Öffentliches Recht in Übersichten und Fällen

Eine Rezension zu:

Volker Haug

Staats- und Verwaltungsrecht

Fallbearbeitung, Übersichten, Schemata

4. Auflage

UTB / C.F. Müller, Heidelberg 2002, 301 Seiten, 20,90 €
ISBN 3-8252-2228-4

http://www.utb.de


Fällt es den Studenten in den Anfangssemestern im Strafrecht relativ leicht, einfache Fälle sofort zu lösen und sich die Prüfungsfolgen aus dem Gesetz herzuleiten, so ist dies im Öffentlichen Recht meist nicht der Fall. Vor allem das Staatsorganisationsrecht stellt die Anfänger vor Probleme, aber auch das Verwaltungsrecht wird oft als trocken empfunden und ergibt sich nicht von selbst. Das vorliegende Buch behandelt auf 300 Seiten die gängigen Probleme aus dem Staatsorganisationsrecht, den Grundrechten sowie dem allgemeinen Verwaltungsrecht und dem Verwaltungsprozeßrecht, soweit sie die Fallbearbeitung betreffen, hat also weniger den Anspruch eines Lehrbuchs als das eines Lernbuchs. Es richtet sich an Jura-Anfänger aus den Rechts-, Wirtschafts-, Verwaltungs- und Politikwissenschaften.
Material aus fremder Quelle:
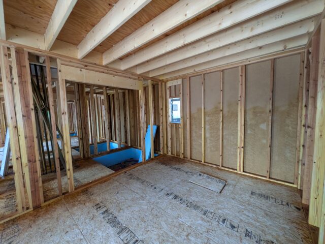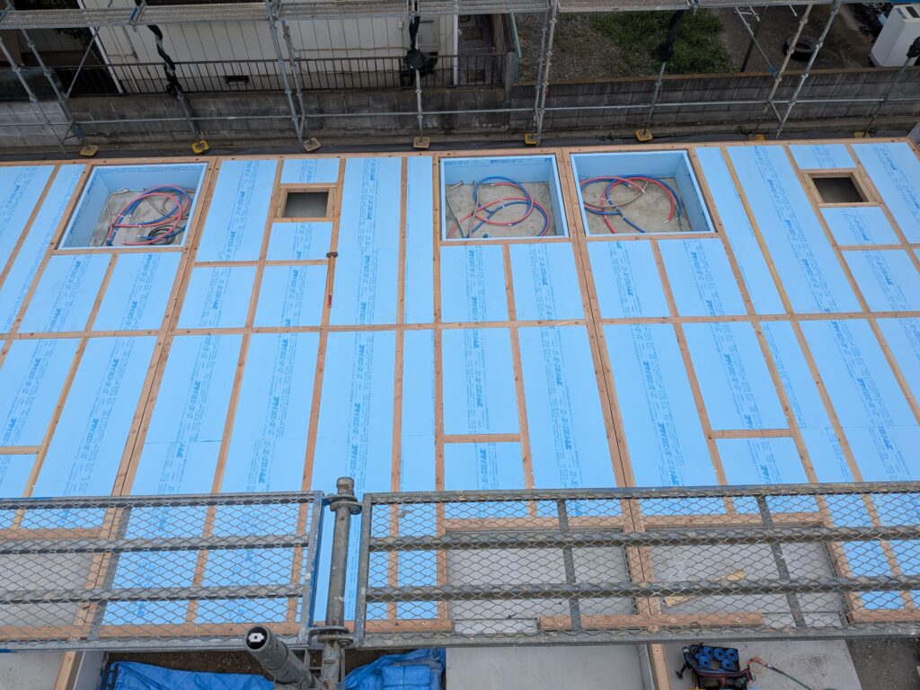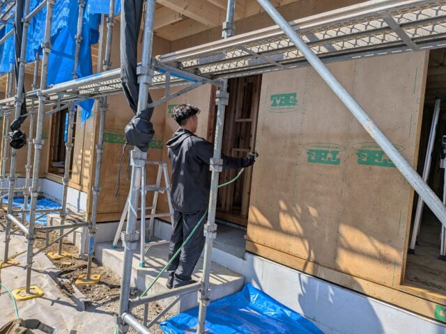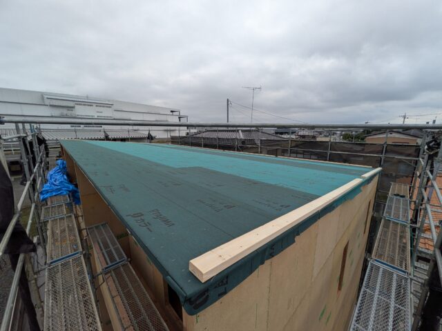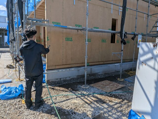 • 外壁工事:透湿シートを前面に貼り終えました。次は外壁のサイディング材を貼っていきます。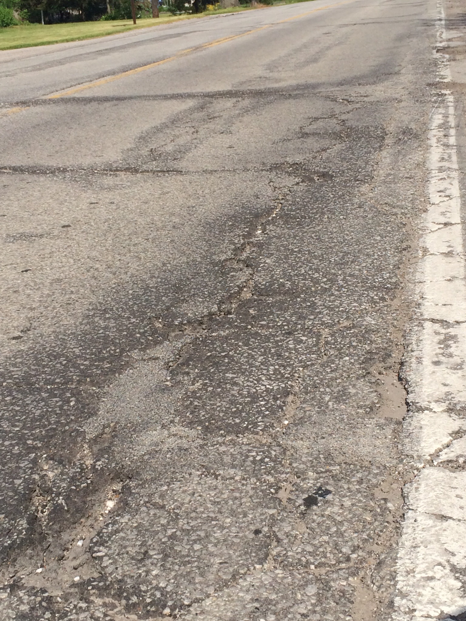 Our route became more rural as we moved away from Saginaw Bay. Many area roads, in town and country, are bad. Every dark spot and line you see here is raised asphalt, or a hole, and both make bumps. The trike tires, frame and seat absorb some of the shock, but the trike has no suspension. Bumps aren’t painful; they are wearying. We got pretty weary.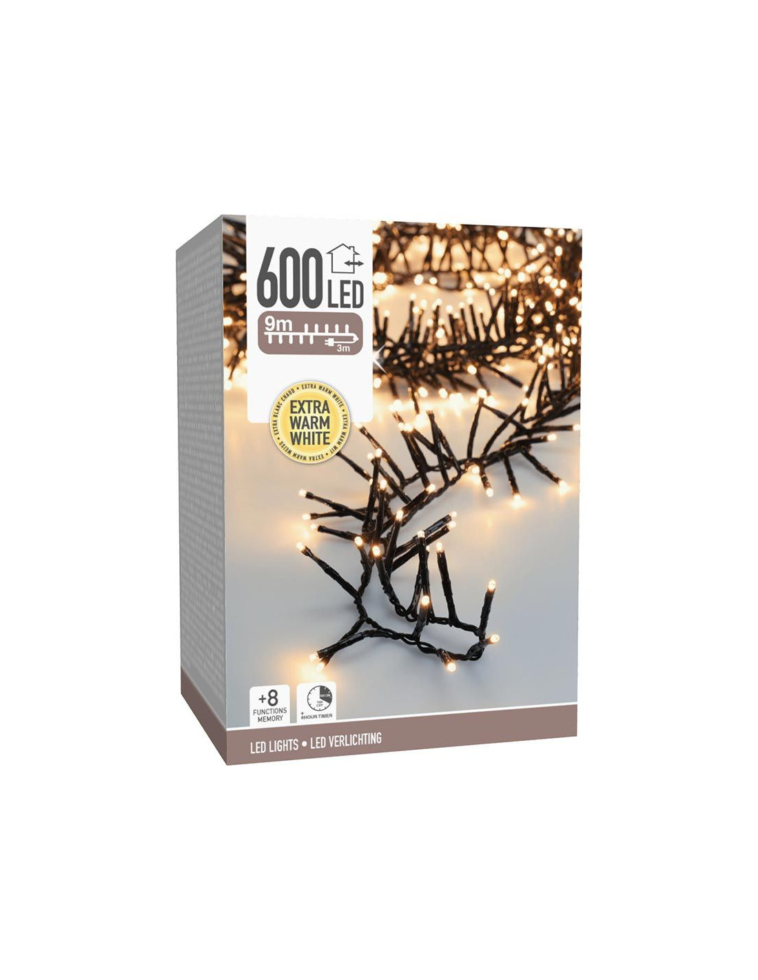 Maxi Cluster Kerstverlichting - 600 led - 9m - extra warm wit - Timer - Lichtfuncties - Geheugen - Buiten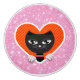 Illustration of a black cat looking through a heart shape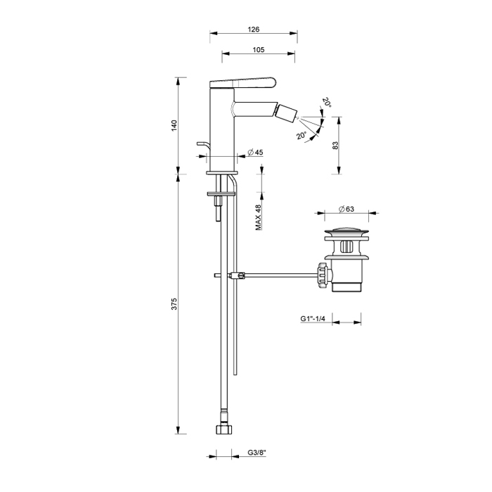 Смеситель для биде Fantini Torino 58 02 L908F Хром FANTINI Torino Смеситель для биде на 1 отверстие, излив 10,5 см, с донн клап. хром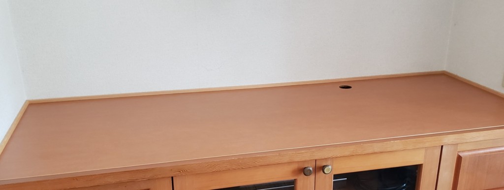 天板へメラミン板を貼るのが一番綺麗に仕上がるだろうということで施工させて頂きました。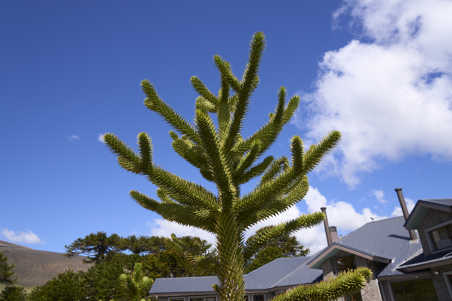 view of a young araucana with the hotel in the background.

Schon beim ersten Durchblättern fallen die vielen Übersichten auf. Es finden sich ganzseitige Darstellungen, zweispaltiger Text, Prüfungsschemata, zahlreiche Beispiele und 19 Fälle, die komplett gelöst werden. Volker Haug, Dozent an der Universität Stuttgart, legt seinen Schwerpunkt nicht auf die Vermittlung von Wissen – hierzu sollen speziellere Lehrbücher herangezogen werden, auf die er in den Fußnoten jeweils mit einem kurzen Tip hinweist –, sondern auf die Vermittlung von Methoden und der juristischen Fallbearbeitungstechnik. Sein Buch ist in vier Teile aufgeteilt: Eine Einführung, ein Kapitel zur Methodik sowie je eines zum Staats- und Verwaltungsrecht.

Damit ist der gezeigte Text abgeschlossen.